By "without cloudera" I assume you mean "without Cloudera Manager". There's no memory benefit to using upstream Hadoop versus Cloudera's Distribution of Hadoop. Running Cloudera Manager only really takes up resources on the hosts that have Cloudera Manager and the monitoring daemons, each of which take up notable memory. On small clusters, this is by default the first (largest) host, which I would expect is your 8 GB host. For small clusters with low activity, I would expect that to function ok, but definitely not in a production cluster.


2 gigs on a host is just not enough to run your dataNode + taskTracker + MR job + operating system unless your MR job is tiny. It won't work for a production cluster.

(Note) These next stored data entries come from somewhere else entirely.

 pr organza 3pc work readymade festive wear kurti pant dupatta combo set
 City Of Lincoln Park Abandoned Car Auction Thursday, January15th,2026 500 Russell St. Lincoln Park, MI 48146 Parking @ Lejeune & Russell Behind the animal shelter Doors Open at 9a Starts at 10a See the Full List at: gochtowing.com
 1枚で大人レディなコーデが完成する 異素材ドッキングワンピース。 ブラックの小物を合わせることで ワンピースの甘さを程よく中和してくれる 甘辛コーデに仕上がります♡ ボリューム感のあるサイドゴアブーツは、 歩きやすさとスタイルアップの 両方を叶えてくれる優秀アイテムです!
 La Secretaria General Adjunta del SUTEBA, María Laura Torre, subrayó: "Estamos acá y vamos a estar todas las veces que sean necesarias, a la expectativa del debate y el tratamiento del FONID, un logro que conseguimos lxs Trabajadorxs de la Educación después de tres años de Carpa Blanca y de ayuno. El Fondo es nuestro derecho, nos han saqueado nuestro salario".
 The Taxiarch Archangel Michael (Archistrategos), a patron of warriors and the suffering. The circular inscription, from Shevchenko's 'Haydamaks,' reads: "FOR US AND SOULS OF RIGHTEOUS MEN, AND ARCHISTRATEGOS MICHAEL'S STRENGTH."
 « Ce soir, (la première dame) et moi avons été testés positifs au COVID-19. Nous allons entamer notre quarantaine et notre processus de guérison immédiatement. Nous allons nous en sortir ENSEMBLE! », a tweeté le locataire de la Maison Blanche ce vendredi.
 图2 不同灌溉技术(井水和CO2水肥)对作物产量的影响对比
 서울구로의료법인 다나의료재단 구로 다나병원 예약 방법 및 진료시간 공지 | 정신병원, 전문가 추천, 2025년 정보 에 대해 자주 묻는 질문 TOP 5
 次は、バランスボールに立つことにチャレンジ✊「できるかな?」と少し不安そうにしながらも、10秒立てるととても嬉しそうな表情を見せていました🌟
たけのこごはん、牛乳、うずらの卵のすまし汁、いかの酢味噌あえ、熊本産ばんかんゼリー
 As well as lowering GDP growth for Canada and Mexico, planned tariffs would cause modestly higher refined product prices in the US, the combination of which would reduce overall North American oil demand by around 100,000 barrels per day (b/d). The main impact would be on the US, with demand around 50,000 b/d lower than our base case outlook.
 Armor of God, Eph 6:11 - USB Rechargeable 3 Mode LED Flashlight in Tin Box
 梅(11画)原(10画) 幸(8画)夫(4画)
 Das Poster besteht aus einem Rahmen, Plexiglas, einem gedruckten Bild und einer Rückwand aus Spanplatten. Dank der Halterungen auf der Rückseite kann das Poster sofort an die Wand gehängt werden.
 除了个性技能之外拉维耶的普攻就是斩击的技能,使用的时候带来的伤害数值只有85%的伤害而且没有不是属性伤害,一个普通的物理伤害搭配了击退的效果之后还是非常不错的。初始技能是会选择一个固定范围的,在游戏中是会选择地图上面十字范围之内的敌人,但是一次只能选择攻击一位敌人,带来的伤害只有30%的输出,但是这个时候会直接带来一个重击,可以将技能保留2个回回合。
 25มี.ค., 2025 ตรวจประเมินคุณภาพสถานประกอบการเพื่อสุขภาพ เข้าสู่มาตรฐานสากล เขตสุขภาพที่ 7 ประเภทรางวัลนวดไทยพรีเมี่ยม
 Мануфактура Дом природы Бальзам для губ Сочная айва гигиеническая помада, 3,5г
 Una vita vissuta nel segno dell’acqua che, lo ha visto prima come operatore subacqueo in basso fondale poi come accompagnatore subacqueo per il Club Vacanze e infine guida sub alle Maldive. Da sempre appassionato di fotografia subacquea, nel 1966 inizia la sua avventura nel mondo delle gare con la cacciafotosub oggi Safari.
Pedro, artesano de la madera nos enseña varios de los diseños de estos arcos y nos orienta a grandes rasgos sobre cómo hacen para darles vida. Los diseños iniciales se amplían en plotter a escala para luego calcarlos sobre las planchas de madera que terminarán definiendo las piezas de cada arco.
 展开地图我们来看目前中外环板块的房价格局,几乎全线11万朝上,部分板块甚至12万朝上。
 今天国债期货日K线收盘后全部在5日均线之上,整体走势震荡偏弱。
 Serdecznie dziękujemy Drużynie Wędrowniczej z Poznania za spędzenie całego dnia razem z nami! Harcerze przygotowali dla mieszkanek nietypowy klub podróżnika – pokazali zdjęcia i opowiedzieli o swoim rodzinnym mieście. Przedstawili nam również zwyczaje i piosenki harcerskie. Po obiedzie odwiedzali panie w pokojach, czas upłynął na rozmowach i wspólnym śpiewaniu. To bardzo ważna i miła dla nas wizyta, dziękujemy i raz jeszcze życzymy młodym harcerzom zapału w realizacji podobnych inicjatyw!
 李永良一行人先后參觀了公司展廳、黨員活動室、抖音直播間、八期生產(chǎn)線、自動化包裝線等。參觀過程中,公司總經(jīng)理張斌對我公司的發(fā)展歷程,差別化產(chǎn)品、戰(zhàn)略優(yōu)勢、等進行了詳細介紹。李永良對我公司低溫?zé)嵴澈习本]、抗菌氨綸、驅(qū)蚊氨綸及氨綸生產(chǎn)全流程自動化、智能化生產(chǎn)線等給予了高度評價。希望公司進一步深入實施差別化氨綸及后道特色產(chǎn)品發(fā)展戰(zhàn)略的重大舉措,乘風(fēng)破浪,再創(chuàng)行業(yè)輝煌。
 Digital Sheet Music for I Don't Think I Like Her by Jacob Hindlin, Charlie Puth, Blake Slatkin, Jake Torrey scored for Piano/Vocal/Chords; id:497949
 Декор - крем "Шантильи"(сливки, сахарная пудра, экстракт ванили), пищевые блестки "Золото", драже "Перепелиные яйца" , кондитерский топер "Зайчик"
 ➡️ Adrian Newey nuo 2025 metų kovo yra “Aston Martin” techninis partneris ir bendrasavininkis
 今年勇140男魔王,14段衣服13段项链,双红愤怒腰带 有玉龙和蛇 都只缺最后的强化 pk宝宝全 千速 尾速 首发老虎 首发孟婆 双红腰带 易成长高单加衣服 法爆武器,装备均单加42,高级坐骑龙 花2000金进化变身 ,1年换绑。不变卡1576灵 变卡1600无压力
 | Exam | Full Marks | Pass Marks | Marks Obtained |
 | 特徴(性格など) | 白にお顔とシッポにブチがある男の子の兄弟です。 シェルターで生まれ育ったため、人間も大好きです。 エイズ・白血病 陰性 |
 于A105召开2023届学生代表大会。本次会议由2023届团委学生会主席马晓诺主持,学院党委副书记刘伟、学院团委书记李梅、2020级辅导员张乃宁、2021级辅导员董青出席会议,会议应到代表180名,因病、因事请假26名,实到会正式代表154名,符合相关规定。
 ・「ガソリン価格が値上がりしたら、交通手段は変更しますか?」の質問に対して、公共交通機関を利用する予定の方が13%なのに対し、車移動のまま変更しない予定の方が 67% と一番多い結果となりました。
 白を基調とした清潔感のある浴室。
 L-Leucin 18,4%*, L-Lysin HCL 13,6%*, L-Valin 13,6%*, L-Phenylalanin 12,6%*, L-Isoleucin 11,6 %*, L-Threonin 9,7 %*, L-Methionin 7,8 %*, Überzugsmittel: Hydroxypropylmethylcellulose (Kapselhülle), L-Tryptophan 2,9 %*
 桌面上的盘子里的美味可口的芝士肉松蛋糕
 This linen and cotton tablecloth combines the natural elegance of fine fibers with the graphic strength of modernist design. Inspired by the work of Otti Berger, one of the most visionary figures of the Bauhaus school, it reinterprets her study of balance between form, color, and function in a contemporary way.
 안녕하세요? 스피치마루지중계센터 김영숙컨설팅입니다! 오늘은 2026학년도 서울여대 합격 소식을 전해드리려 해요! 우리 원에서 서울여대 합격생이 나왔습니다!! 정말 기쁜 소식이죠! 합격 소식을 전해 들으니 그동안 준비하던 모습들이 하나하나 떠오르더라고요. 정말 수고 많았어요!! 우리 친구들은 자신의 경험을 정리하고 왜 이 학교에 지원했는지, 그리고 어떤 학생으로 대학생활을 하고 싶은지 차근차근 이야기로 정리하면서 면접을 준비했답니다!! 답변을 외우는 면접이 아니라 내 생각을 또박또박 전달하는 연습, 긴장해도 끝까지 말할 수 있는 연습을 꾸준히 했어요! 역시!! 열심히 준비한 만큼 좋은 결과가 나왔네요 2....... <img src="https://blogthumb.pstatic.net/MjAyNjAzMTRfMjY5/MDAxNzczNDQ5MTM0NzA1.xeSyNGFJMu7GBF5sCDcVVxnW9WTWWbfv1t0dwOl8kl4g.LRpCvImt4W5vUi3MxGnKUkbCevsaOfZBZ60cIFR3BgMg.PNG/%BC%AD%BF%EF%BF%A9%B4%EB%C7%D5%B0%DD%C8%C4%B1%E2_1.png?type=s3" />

So I don't expect you to see notable speed benefits running without Cloudera Manager. You should get larger machines if you want to run in production.

Re: Cloudera Headnode is too slow

New Contributor
right, I'm really surprised to hear this as I thought hadoop was designed to run on small commodity machines where no huge memory required.

By the way my knowledge in Hadoop is quite limited and I'm doing an experiment to compare couchbase execution/performance on my cluster with the execution of hadoop on the same cluster and the same specification. Do you think this is not feasible on the current hardware?
Or do you think I should compare couchbase with the related/same purpose product from hadoop, such as Hbase, but still need to install hdfs, right?

Re: Cloudera Headnode is too slow

4GB isn't really huge memory. The chepest possible consumer desktop from Dell has 4GB or more RAM already. 1TB is probably considered huge.


I would not compare couchbase with mapreduce. MapReduce is more for batch processing, whereas couchbase is a NoSQL database optimized for latency. MapReduce will never give you subsecond response times. HBase will be a more reasonable comparison with couchbase. HBase requires HDFS.


I'm not a hardware or performance testing expert, so I can't really say what exactly you'd need to do your test, but I would strongly suspect that your test is not feasible on the current hardware. You have to at least run HDFS + HBase daemons on your slave nodes, which take up 1 and 4 gigs by default (at least, the defaults Cloudera Manager uses). Leaving some for the OS, that's at least 6 gigs of RAM to run with default configurations. Performance tuning, depending on your workload and whatever experts / books say, could change this further.